🤖 AI Summary
To address the high computational cost, language drift, and limited diversity in few-shot subject-driven image generation with diffusion models, this paper pioneers the adoption of Vision Autoregressive (VAR) models for this task. We propose three key innovations: (1) selective layer tuning—identifying that early VAR layers predominantly encode subject identity and thus focusing optimization on coarse-grained semantic representations; (2) prior distillation—to mitigate language drift by transferring knowledge from a pretrained text-to-image prior; and (3) scale-weighted tuning—to enhance multi-scale token representation learning. Our method achieves state-of-the-art performance across FID, CLIP-Score, and human evaluation, consistently outperforming diffusion-based baselines. Moreover, it accelerates inference by multiple orders of magnitude, enabling end-to-end real-time deployment.
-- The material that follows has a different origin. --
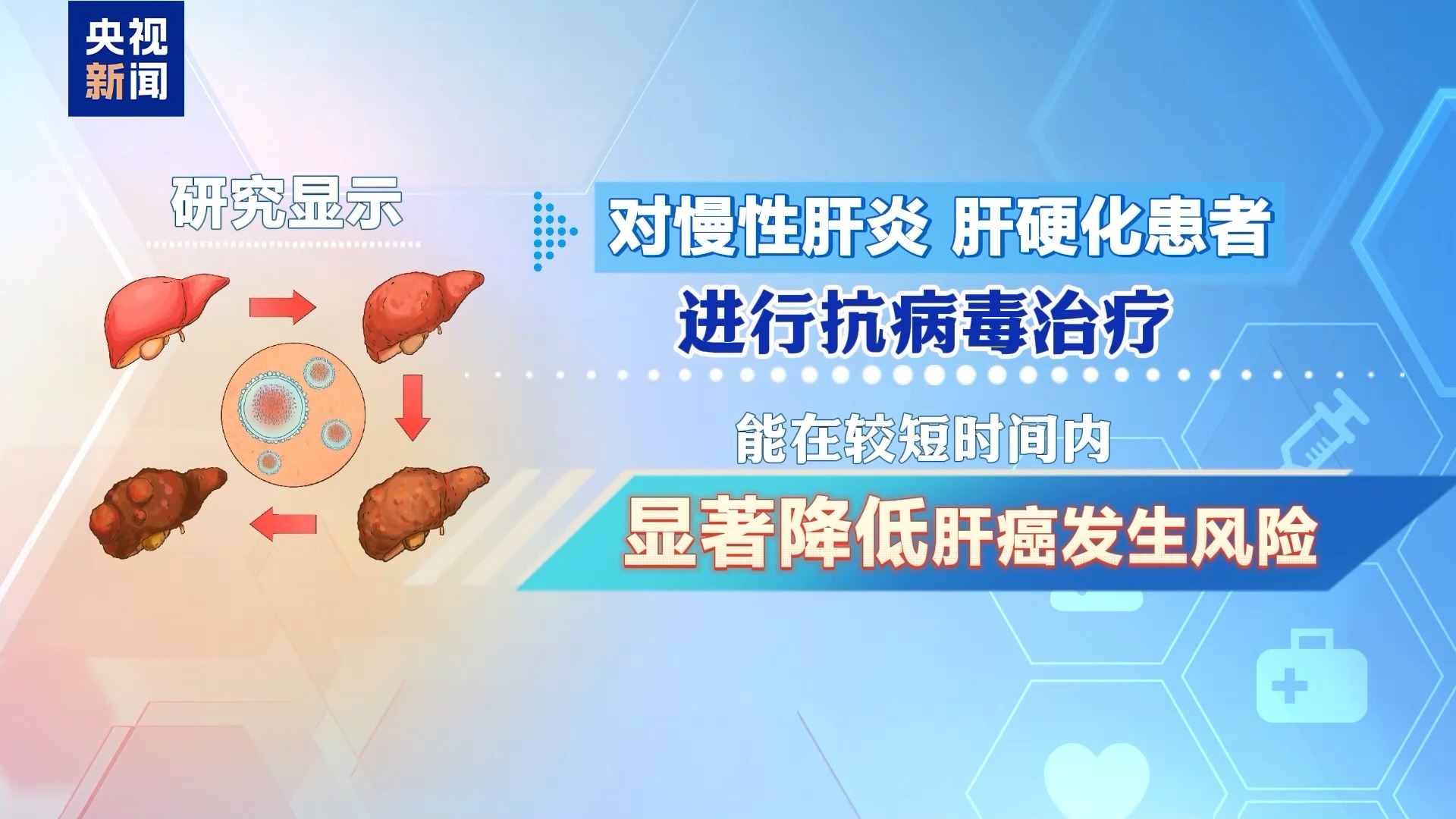 研究显示,慢性乙肝患者肝癌风险比常人高出15至20倍,对慢性肝炎、肝硬化患者进行抗病毒治疗能在较短时间内显著降低肝癌发生风险。肝脏纤维化患者接受规范抗病毒治疗3至5年,可降低罹患肝癌的风险10%至30%。

This work establishes a new paradigm for efficient, controllable, and diverse personalized image generation.
📝 Abstract
Recent advances in text-to-image generative models have enabled numerous practical applications, including subject-driven generation, which fine-tunes pretrained models to capture subject semantics from only a few examples. While diffusion-based models produce high-quality images, their extensive denoising steps result in significant computational overhead, limiting real-world applicability. Visual autoregressive~(VAR) models, which predict next-scale tokens rather than spatially adjacent ones, offer significantly faster inference suitable for practical deployment. In this paper, we propose the first VAR-based approach for subject-driven generation. However, na""{i}ve fine-tuning VAR leads to computational overhead, language drift, and reduced diversity. To address these challenges, we introduce selective layer tuning to reduce complexity and prior distillation to mitigate language drift. Additionally, we found that the early stages have a greater influence on the generation of subject than the latter stages, which merely synthesize local details. Based on this finding, we propose scale-wise weighted tuning, which prioritizes coarser resolutions for promoting the model to focus on the subject-relevant information instead of local details. Extensive experiments validate that our method significantly outperforms diffusion-based baselines across various metrics and demonstrates its practical usage.